The senior executive is using every chance at world forums to convince people that the issue of transition is relative to every country and that any immature letdown in conventional energy could lead to serious consequences.
In his recent speech at the 24th World Petroleum Congress (WPC) in Calgary, Canada, where he was also given the Dewhurst Award, Nasser said: 'While much of the global north is focusing on environmental sustainability, the priority for many in the global south is economic survival. Transition planning has not sufficiently recognised this clear need for distinctive solutions, and a widening divide is an inevitable result.'
Nasser emphasised that transition planning required pragmatic and proportionate solutions that reflected different countries’ economic and energy situations.
He said: 'The current transition shortcomings are already causing mass confusion across industries that produce and/or rely on energy. Long-term planners and investors do not know which way to turn. It is increasing the risk of acute supply-demand imbalances in conventional energy and, therefore, an even more serious energy crisis where countries and people, not just assets, are stranded.'
Nasser firmly believes in a transition. In fact his company, Aramco, the largest oil producing company in the world, is investing heavily in emissions mitigating technologies.

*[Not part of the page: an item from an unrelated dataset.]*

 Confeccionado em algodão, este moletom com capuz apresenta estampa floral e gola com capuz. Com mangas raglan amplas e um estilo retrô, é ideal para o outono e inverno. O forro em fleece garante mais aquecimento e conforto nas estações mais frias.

But he does keep drawing attention to the ‘danger’ of phasing out conventional energy prematurely and how this puts energy security and affordability priorities at risk.
At Energy Asia in Malaysia in June, Nasser said that while transition policies rightly attempted to address environmental sustainability, the equally critical issues of energy security and affordability are under-emphasised.

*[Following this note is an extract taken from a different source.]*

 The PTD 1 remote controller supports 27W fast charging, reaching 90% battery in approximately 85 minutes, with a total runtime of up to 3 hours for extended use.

And if there’s one place where Nasser’s word reverberate the most, it is the African continent, which has stepped up on the exploration of oil and gas.
While there are concerns from the rich Western world grow about the region’s growing love for fossil fuel, voices from within, like the African Energy Chamber (AEC), advocate for ongoing oil and gas production along with growth of renewables.
In an op-ed, NJ Ayuk of the AEC, said: 'We’re certainly not saying that renewables have no place in Africa. What we’re saying is that we must temper the enthusiasm for renewables-only policies. For the sake of its people, Africa must be allowed to develop sustainable energy at a pace that doesn’t further impede standards of living – in tandem with oil and gas.'
Nasser is also at odds with the notion of peak oil demand, which he says is mostly being driven by policies, rather than the market dynamics.
Last month, Fatih Birol, International Energy Agency (IEA) Executive Director, in an op-ed published in the Financial Times, suggested that demand for oil and coal would peak in 2030.
The Organisation of the Petroleum Exporting Countries (Opec) hit back and said consistent and data-based forecasts did not support that assertion.
'Such narratives only set the global energy system up to fail spectacularly. It would lead to energy chaos on a potentially unprecedented scale, with dire consequences for economies and billions of people across the world,' says Haitham Al Ghais, Opec Secretary, said in a statement.
Hopefully, the Arabian Gulf region is braced for these discussions at two leading events on its soil: this month’s Abu Dhabi International Petroleum Exhibition and Conference (Adipec), and the COP28 a month after.